Stored items from a collection:
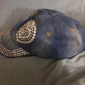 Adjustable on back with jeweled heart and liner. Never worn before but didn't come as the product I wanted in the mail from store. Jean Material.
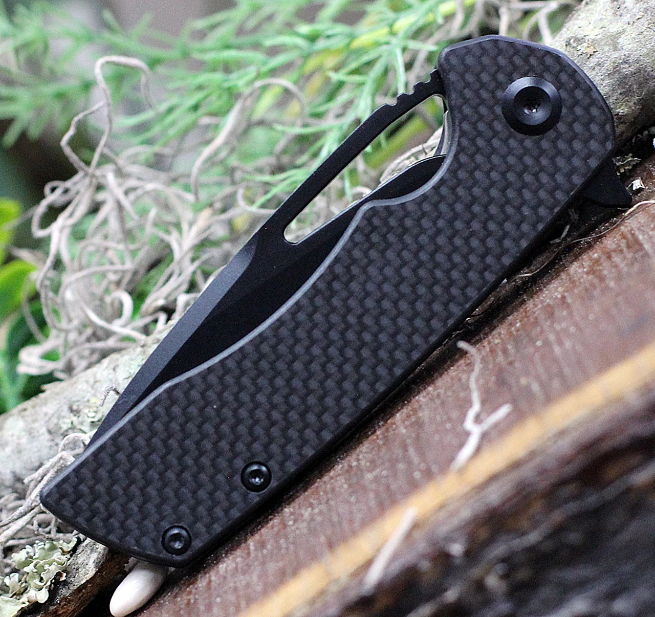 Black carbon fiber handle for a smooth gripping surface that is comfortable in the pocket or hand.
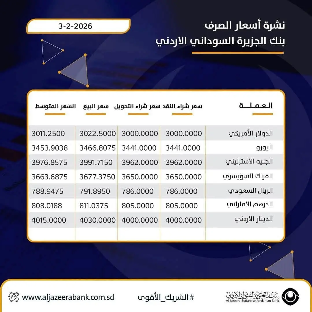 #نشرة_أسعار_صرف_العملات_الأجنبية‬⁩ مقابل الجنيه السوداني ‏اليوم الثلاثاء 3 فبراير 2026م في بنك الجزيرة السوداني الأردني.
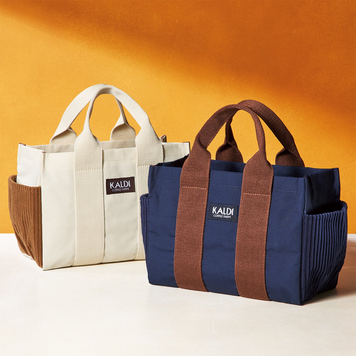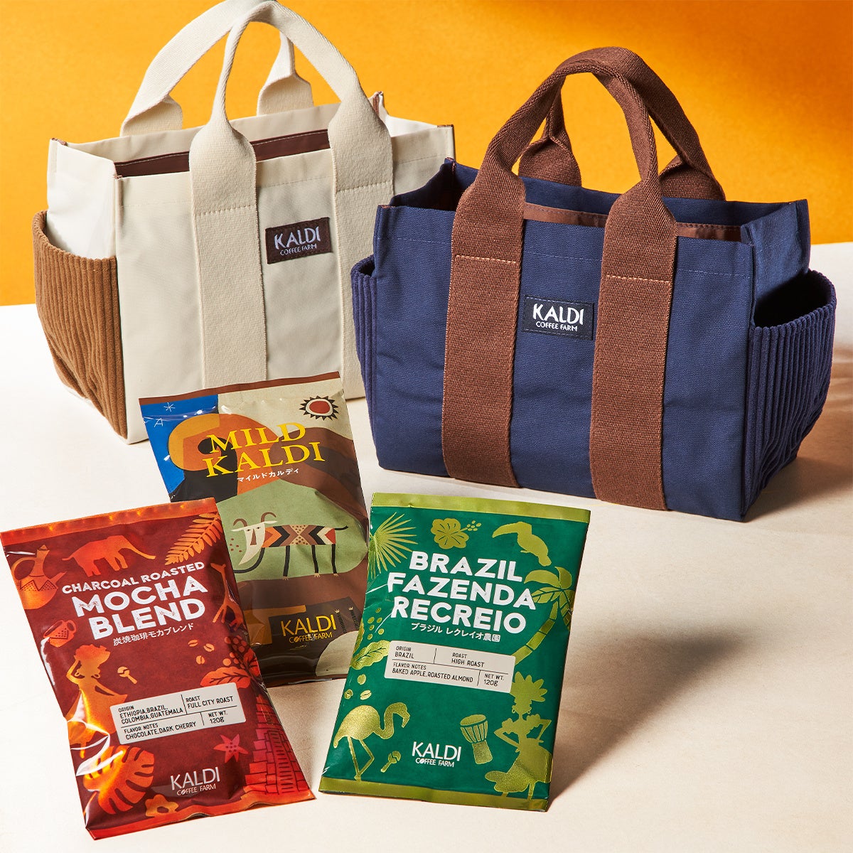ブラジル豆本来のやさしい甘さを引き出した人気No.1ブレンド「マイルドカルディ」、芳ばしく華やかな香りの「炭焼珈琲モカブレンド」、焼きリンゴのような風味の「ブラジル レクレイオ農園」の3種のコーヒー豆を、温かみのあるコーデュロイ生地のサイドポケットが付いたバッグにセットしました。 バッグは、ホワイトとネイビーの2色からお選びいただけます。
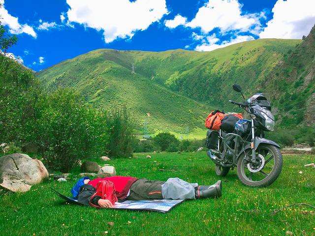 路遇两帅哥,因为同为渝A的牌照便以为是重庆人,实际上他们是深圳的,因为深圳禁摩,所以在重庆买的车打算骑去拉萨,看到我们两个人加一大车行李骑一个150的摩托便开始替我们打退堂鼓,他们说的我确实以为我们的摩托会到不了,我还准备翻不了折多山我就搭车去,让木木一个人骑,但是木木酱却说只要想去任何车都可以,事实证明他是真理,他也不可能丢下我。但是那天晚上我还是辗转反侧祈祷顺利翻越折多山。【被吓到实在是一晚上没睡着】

_WORK ITEM:_ Go to the line that contains "#نشرة_أسعار_صرف_العملات_الأجنبية‬⁩ مقابل الجنيه" and copy it and every line after it through the end of the entries, exactly, without the pictures.

_WRITTEN RESPONSE:_
 #نشرة_أسعار_صرف_العملات_الأجنبية‬⁩ مقابل الجنيه السوداني ‏اليوم الثلاثاء 3 فبراير 2026م في بنك الجزيرة السوداني الأردني.
ブラジル豆本来のやさしい甘さを引き出した人気No.1ブレンド「マイルドカルディ」、芳ばしく華やかな香りの「炭焼珈琲モカブレンド」、焼きリンゴのような風味の「ブラジル レクレイオ農園」の3種のコーヒー豆を、温かみのあるコーデュロイ生地のサイドポケットが付いたバッグにセットしました。 バッグは、ホワイトとネイビーの2色からお選びいただけます。
 路遇两帅哥,因为同为渝A的牌照便以为是重庆人,实际上他们是深圳的,因为深圳禁摩,所以在重庆买的车打算骑去拉萨,看到我们两个人加一大车行李骑一个150的摩托便开始替我们打退堂鼓,他们说的我确实以为我们的摩托会到不了,我还准备翻不了折多山我就搭车去,让木木一个人骑,但是木木酱却说只要想去任何车都可以,事实证明他是真理,他也不可能丢下我。但是那天晚上我还是辗转反侧祈祷顺利翻越折多山。【被吓到实在是一晚上没睡着】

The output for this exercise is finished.